I'm hesitant to recommend any one particular food because there are so many. I share your puzzlement about this because the product has 4.4 on fibre and already contains pumpkin, butternut squash and other things that should promote a healthy digestive system and colon. Are you sure that your dog is constipated? The true constipated stool is one that is hard and passed in small pieces - very much like rabbit droppings. I assume he has been wormed since you brought him home? It's two years since my youngest was a baby but IIRC worming should be done at regular intervals until they are 6 months. Of course the regime depends upon the product used.
Anyway, back to food. If you don't have any success with your extra measures, check out the
Dog Food Directory. I've just applied the following Filters:
Type of Food - dry complete
Food Properties - natural, hypoallergenic, clearly labelled.
Rating - moving the slider, I selected 4 to 5 because your current food is in this category.

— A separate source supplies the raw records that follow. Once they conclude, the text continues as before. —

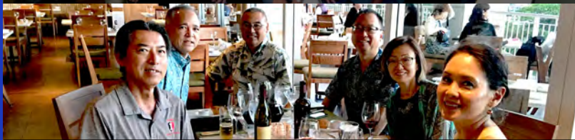
Mini-reunion of Maui High Class of 77 members who live on Oahu. Class members gathered for dinner at Mariposa Restaurant in Honolulu on Wednesday, Nov. 15, 2017.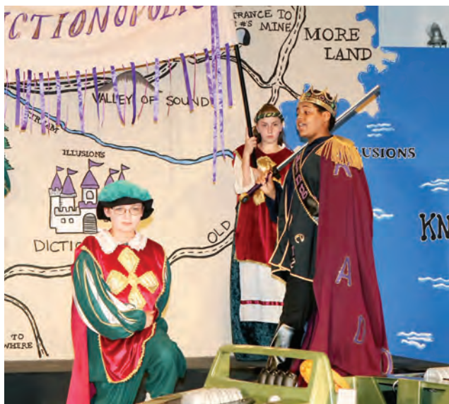
Benton's VAPA Visits "The Phantom Tollbooth!"

door instrumental music festival to be held on June 14. In addition to our fine performances this year, we are pleased to announce our first-ever publication featuring the writings of our students, a sampling of student studio art creations, and prints from our award-winning photography students. At Benton VAPA Magnet, students ended an incredible year with a crescendo!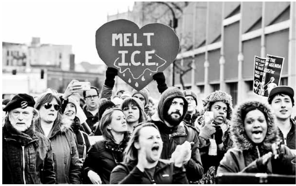
Signs in support of immigrants are appearing at protests across the country. ICE is the government agency that is rounding up immigrants. Immigrants are unjustly blamed for the joblessness that is systemic to an economic system based on providing billions of dollars for the owning class and

In the 2012-13 school lic college campuses; 25 have year, 51% of students from pre-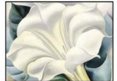
The White Flower (1932) by Georgia O'Keeffe

In Art we are painting, pupils will examine in detail a part of a flower using magnifiers and viewfinders before sketching and then enlarging it. They will develop the techniques of overpainting and wet-on-wet, as well as make tertiary colours. They will respond to the work of artists.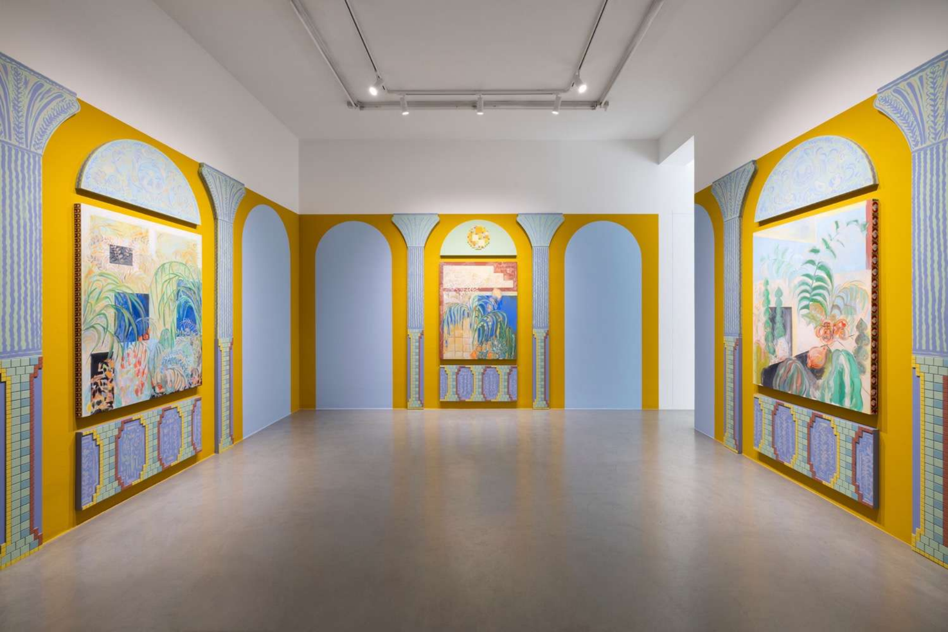
Casa encontrada , 2023 Installation view at Francesca Minini, Milan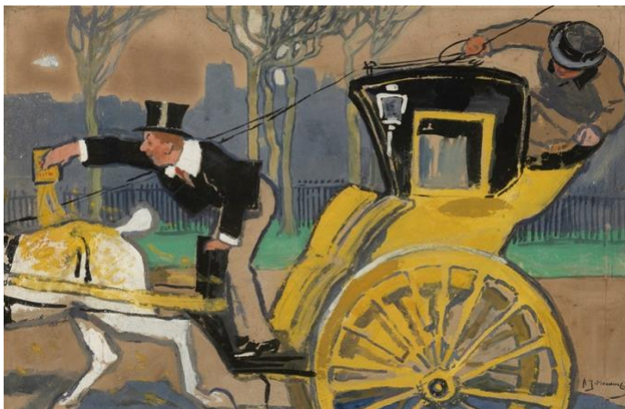
Design for Colman's Mustard, 1890s, by Sir Alfred Munnings (when he was an apprentice to Page Brothers in Norwich)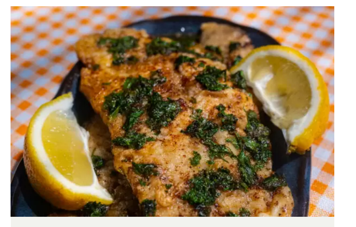
Sole Meuniere MEDITERRANEAN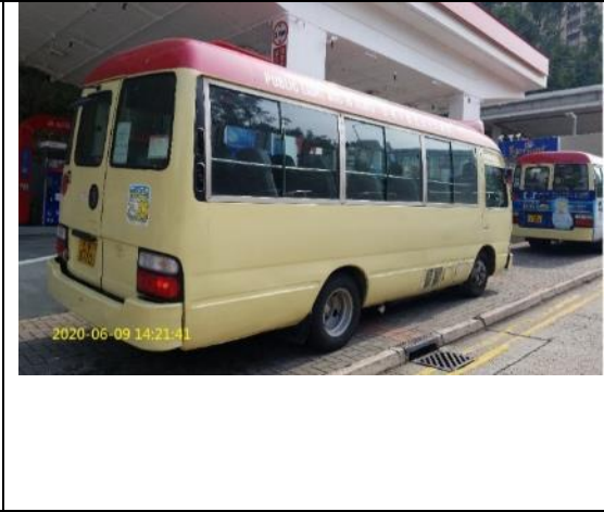
Right side view of GV (LV6110)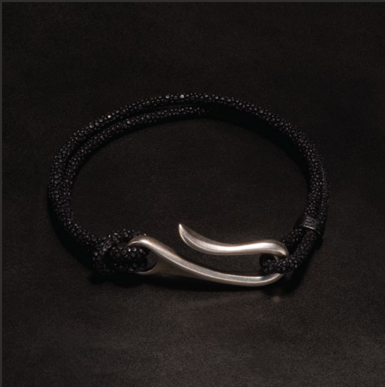
Bracelet Crochet in White Rhodium Plated Sterling Silver or Brass and Deep Dyed Galuchat "Noir" 3mm Cord.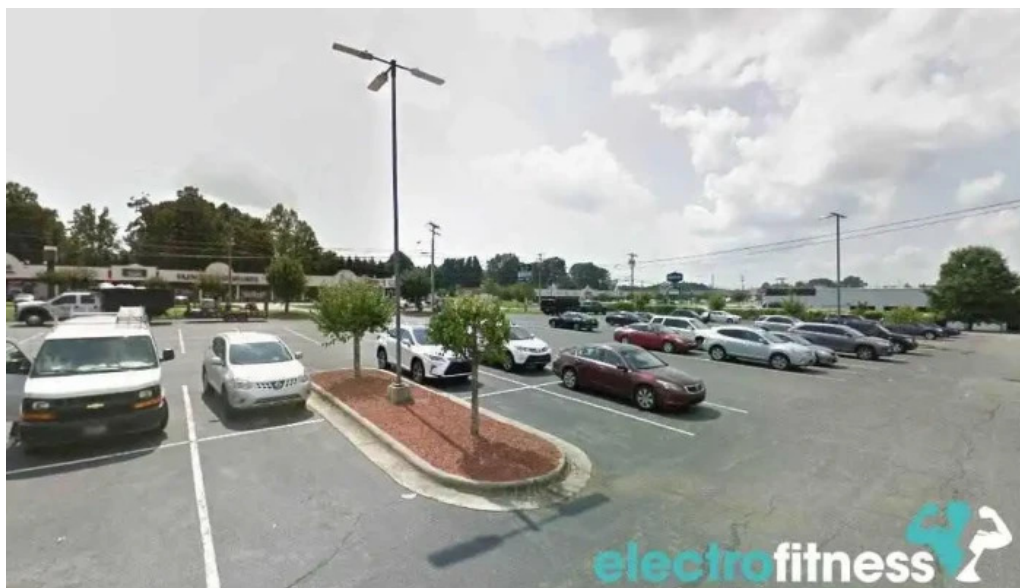
Results driven fitness burlington

Avoid Ingredients - all red ingredients.
You can tweak the filters yourself if there is something you don't (or do) want. If you want to increase the choice you can reduce the star rating. These are a good indication of quality but some dogs do better on products that are a little lower in them.
It returned four pages for me and it is then a case of going through each one to see which might fit the bill. Maybe it would be useful to look for products with brown rice and oats but also a good fibre value. For instance, Barking Heads Puppy Days has brown rice, potato and oats. Fibre is average at 3.3. Beet pulp is not thought much of by some but it does provide dietary fibre so it might be worth looking at products that contain this. Information about beet pulp can be found
here.
Hopefully your new regime of feeding might help your Dachshund's problem but if not there is plenty there to look at.